For her disc, Ms Stutzmann has chosen carefully and produced a balanced recital that for me certainly, might lead me to reconsider Vivaldi’s operatic credentials.

The opening aria is certainly a curtain raiser. With its typical string figurations, Agitata infido flatu from Juditha Triumphans is also one of the more commonly performed Vivaldi arias and she confidently handles both the chromatic line and veers away from an overtly florid da capo. Similarly the florid La gloria del mio sangue (Tieteberga) with its oboe obbligati demonstrates not only her ability to negotiate Vivaldi’s coloratura but also exhibits her range as she dips down to her wonderfully resonant chest voice. In Gemo in un punto e tremo (L’Olimpiade) she revels in the words of the text above more typically Vivaldi figuration.

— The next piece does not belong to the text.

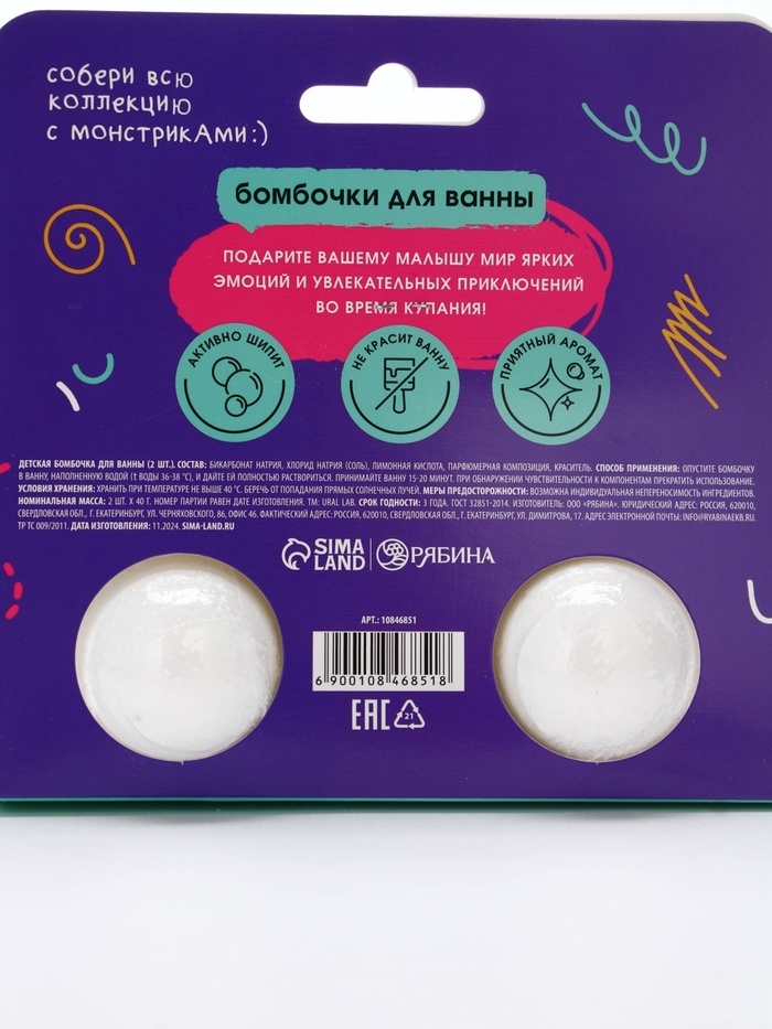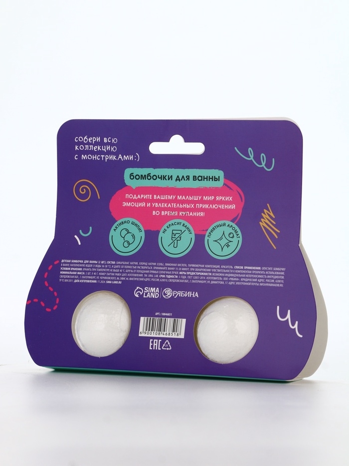 Бомбочки для ванны "Монстрики", 2 x 40 г, аромат сладкий кокосик

Throughout the recital Ms Stutzmann demonstrates an absolute control of Vivaldi’s arching vocal lines in the slower numbers. Io sento in questo seno (Arsilda Regina di Ponto) supported by elegant playing from Orfeo 55 shows, for example, of how Ms Stutzmann avoids a common pitfall of some more recent baroque and classical vocal recitals – wild, over the top ornamentation with the da capo return. Throughout she applies an intelligent level of ornamentation that not only provides variety but heightens the emotion without being distracting.

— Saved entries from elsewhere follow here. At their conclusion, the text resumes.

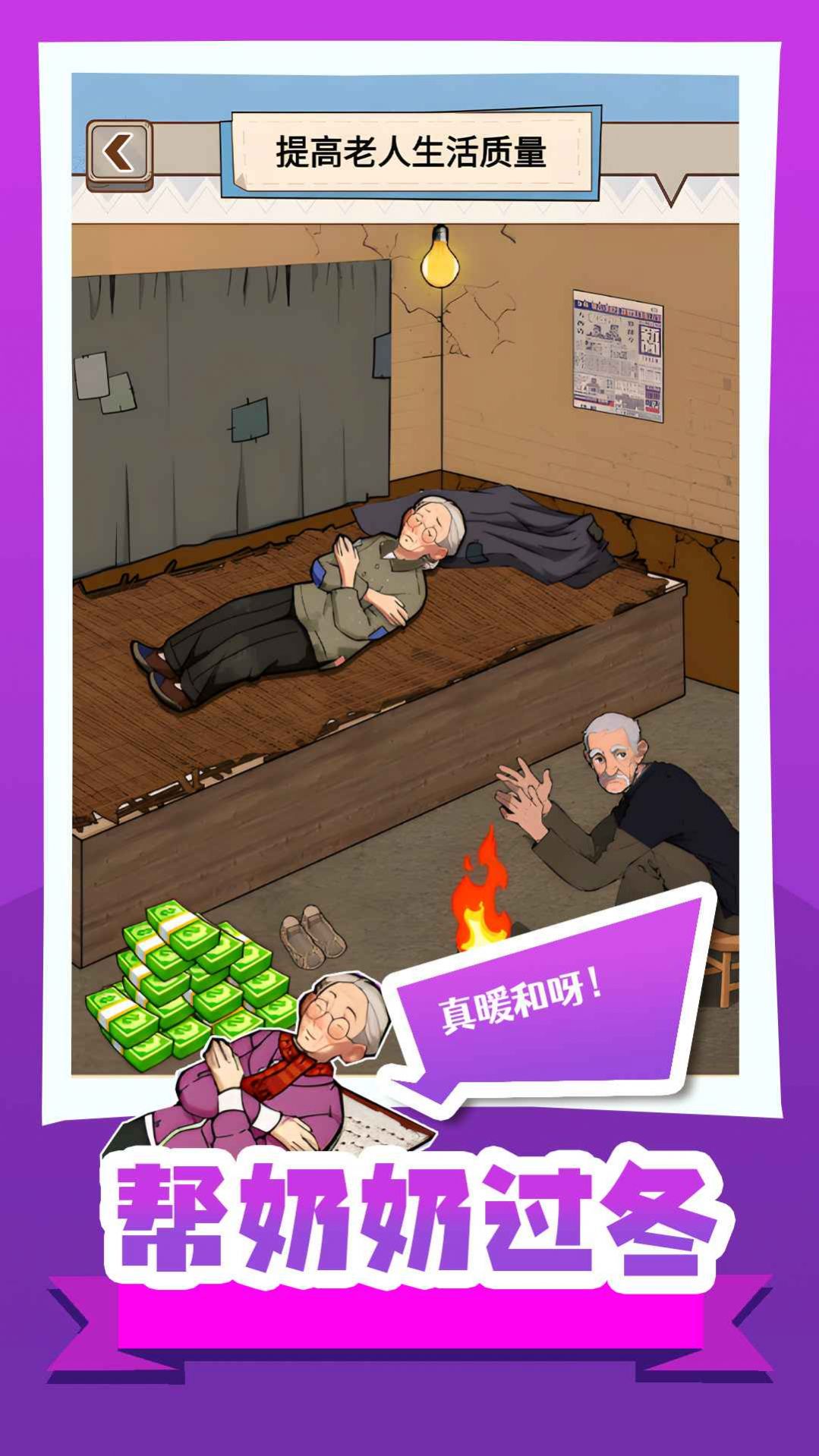 抖音上非常火爆的益智解谜游戏,玩起来还是相当有意思的,你想要在游戏里面想尽各种办法改善老人的生活质量,让奶奶和爷爷在这个寒冷的冬天过上好日子,不被冻着,你是否想到好主意了呢?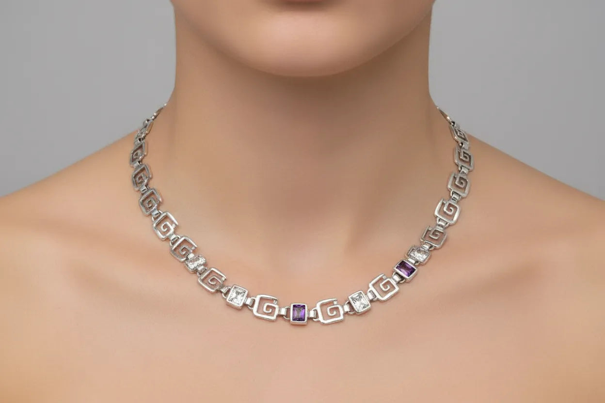 Greek Key Meander Necklace in Sterling Silver with zircon (PE-02)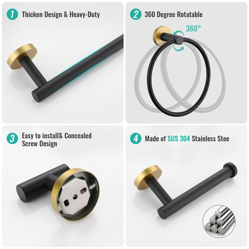 Black and Gold Towel Bar Set 6 Pieces Bathroom Hardware Accessories Set Include 19.68/23.6 in Towel Bar Towel Ring Towel Hook and Toilet Paper Holder Stainless Steel Wall Mounted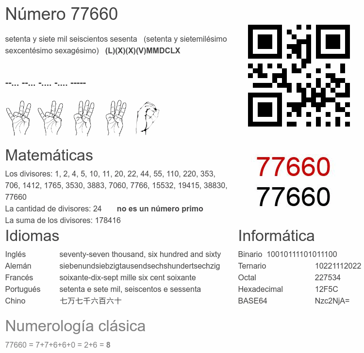Si conoce algo interesante sobre el número 77660 o cualquier número natural (entero positivo), por favor escríbanos.Número 77 660 en otras unidades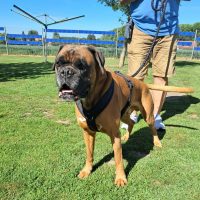 Der Rüde hat bisher in einem ruhigen Umfeld gelebt. Zu Artgenossen hatte er nur wenig Kontakt, verhält sich gegenüber diesen aber neutral. Atak hat eine gute Grunderziehung, er geht brav an der Leine, ist aufgeschlossen und lernwillig. Bisher wurde er überwiegend von seinem Frauchen geführt und betreut. Im Auto ist der Rüde gern dabei. Atak ist in einem top Zustand, er ist boxertypisch temperamentvoll, natürlich überall gern dabei, Krankheiten sind nicht bekannt, auch benötigt der Rüde keine Medikamente.

The pizzicato accompaniment in both Sento in seno ch’io pioggia di lagrime (Il Giustino) and Cor mio, che progion sei (Atenaide) certainly demonstrate that Vivaldi could provide orchestral colour and in the same way Ho hel petto un cor si forte from (Il Giustino) and Transit aetas (Juditha Triumphans) feature delicate mandolin playing. Indeed, in the latter you can also feel time and years flying away.

Sovvente il sole is certainly one of the disc’s highlights and the sleeve note speculates that perhaps Il Prete Rosso played the violin solo himself. Written as an insertion aria for the serenata Andromeda liberata, it is one of the longer, more emotionally substantial arias on the disc, clearly to showcase Vivaldi’s talents as opposed to the other composers involved. Throughout singer and violinist entwine in delicate counterpoint and thirds and sixths throughout, resulting in a mesmerising performance.

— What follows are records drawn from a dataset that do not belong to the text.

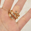 Fabricado en chapa de oro, este anillo ofrece un acabado pulido y duradero, perfecto para complementar tanto looks casuales como formales. Su diseño ajustable permite un uso cómodo y versátil.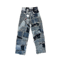 Custom patchwork denim jeans with raw edges, artisanal craftsmanship, and vintage appeal. Perfect for boutiques and luxury brands.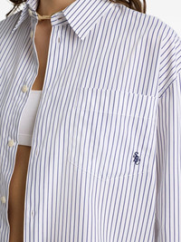 cotton shirt Highlights - Navy blue - Front button fastening - Vertical stripe pattern - Embroidered logo to the front - Classic collar Imported Composition Cotton 100% SIZE & FIT Measurement SLEEVE LENGTH 23.62 in(60 cm) LENGTH 34.25 in(87 cm) BUST 52.75 in(134 cm) Shoulder Width 21.25 in(54 cm)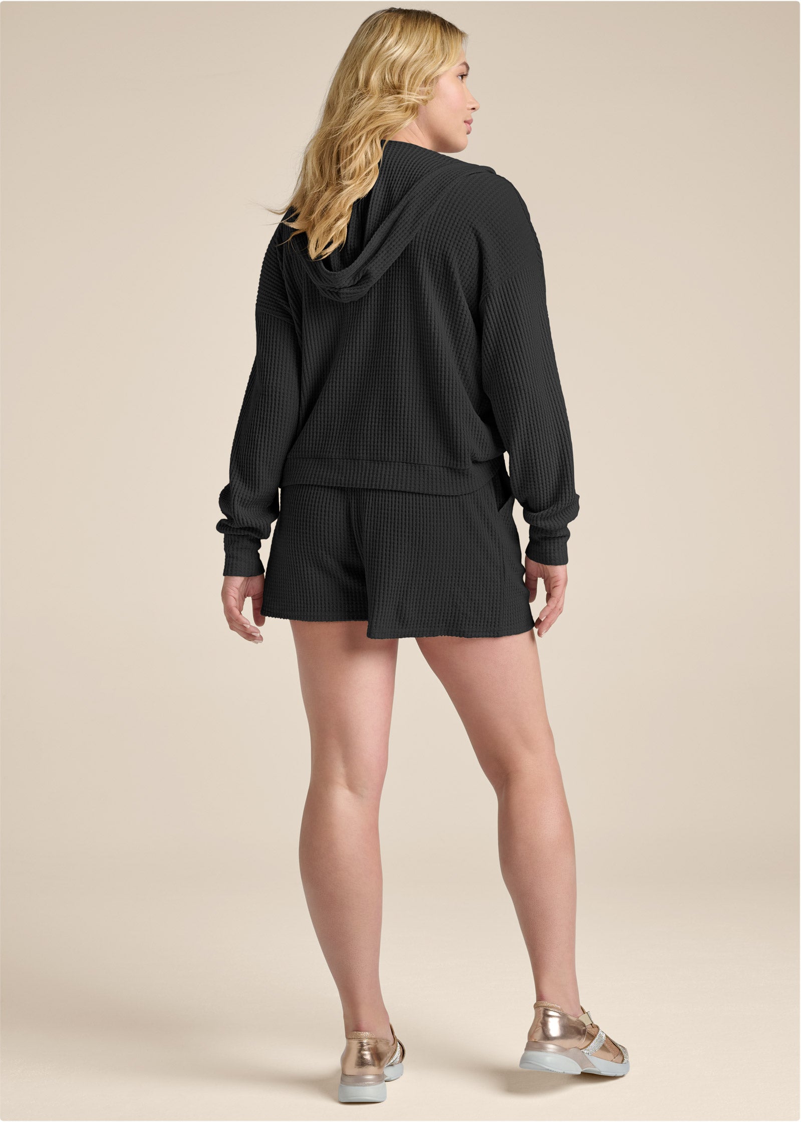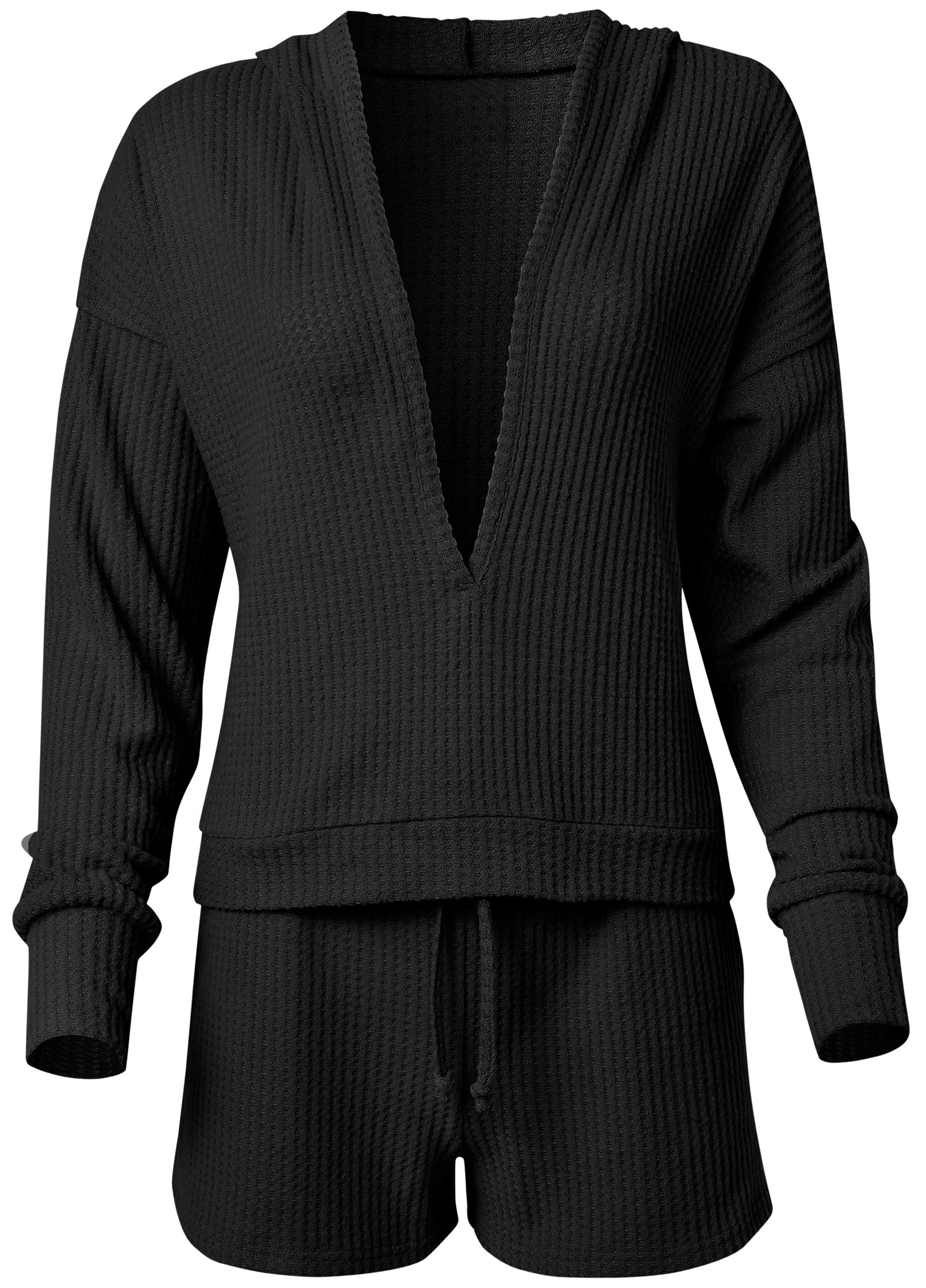 Cozy as can be. this sweatshirt and shorts set boasts super-soft brushed waffle knit fabric. The hood gives cozy coverage while the deep V-neck creates the perfect place to reveal the bralette or cami underneath. Secure the drawstring waist to keep the pocketed shorts in place through all your plans.* Sizes: XS (2). S (4-6). M (8-10). L (12-14). XL (16)* Plus sizes: 1X (18-20). 2X (22-24). 3X (26-28)* V-neck pullover sweatshirt with hood* Mid-rise shorts with adjustable drawstring waist* Front slit pockets in shorts* Top: 24" approx. length; varies by size* Shorts: 2.5" inseam* Poly/rayon/spandex. Imported

The Lombardy rhythms of Vincerà l’aspro mio fatto (Semiramide) with the unusual addition of horns tom add to the martial effect and the vigorous rhythms of the final aria Cara gioia e bel diletto (Arsilda Regina di Ponto) complete with recorder and tambourine that intensify and highlight the love felt by the protagonist, again help lift Vivaldi’s operatic credentials and are performed with suitable enthusiasm by one and all.

Throughout Orfeo 55 – including in their own orchestral numbers – provide enthusiastic, direct and warm playing for Ms Stutzmann. Its certainly a disc worth buying even if by the end of the disc I am still not entirely convinced that Vivaldi’s opera arias are as well crafted as those he wrote in some of his sacred pieces. Yet Ms Stutzmann makes a credible case for reconsideration but like Magdalena Kozená’s equally accomplished disc of Vivaldi arias – which does, I admit, include some pretty impressive numbers – ultimately it fails to convince me overall that I should return and listen to complete Vivaldi operas wholesale. Pace.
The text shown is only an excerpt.